Although Rx-360 is dominated by major pharmaceutical companies, any firm that researches, produces, transports, or warehouses pharmaceuticals can join, Berman said. Regulatory agencies are welcome to participate as observers. In China, several local companies have expressed interest, she said. And encouragingly, a Shanghai-based official from the China State Food & Drug Administration spoke at a well-attended Rx-360 event at CPhI China.
But for the time being, most Chinese drug companies have probably not heard of Rx-360. Tommy Lin, director of business development and global licensing at HEC Group, a pharmaceutical manufacturer based in Dongguan, in southern China, admits that he is clueless about the group. The company might well join, Lin says, but that will depend on membership costs and the benefits HEC could derive from being a member.

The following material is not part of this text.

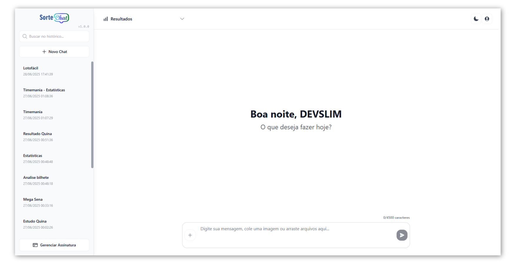 - Campo de entrada: Local onde o usuário digita suas perguntas ou comandos para o Sorte Chat.

Over the next few years, as Rx-360 gets more settled and better known in China, its members hope that it will expand across Asia, and in particular into India where many major producers of generic pharmaceuticals are based. But so far, Rx-360’s progress in India has been sluggish.
Guy Villax, head of the Portuguese active pharmaceutical ingredients maker Hovione and a member of Rx-360, tells C&EN that the group met with Indian drug industry leaders twice this year so far. But after that encouraging start, efforts to follow through with government officials in charge of pharmaceutical exports yielded no results.
“This lack of interest in the security of the supply chain by the country with the largest number of FDA-registered firms, and which claims to be the ‘pharmacy to the world,’ is, at the least, incomprehensible,” Villax says. China, so far, appears keener to polish its credentials as a reliable pharmaceutical source.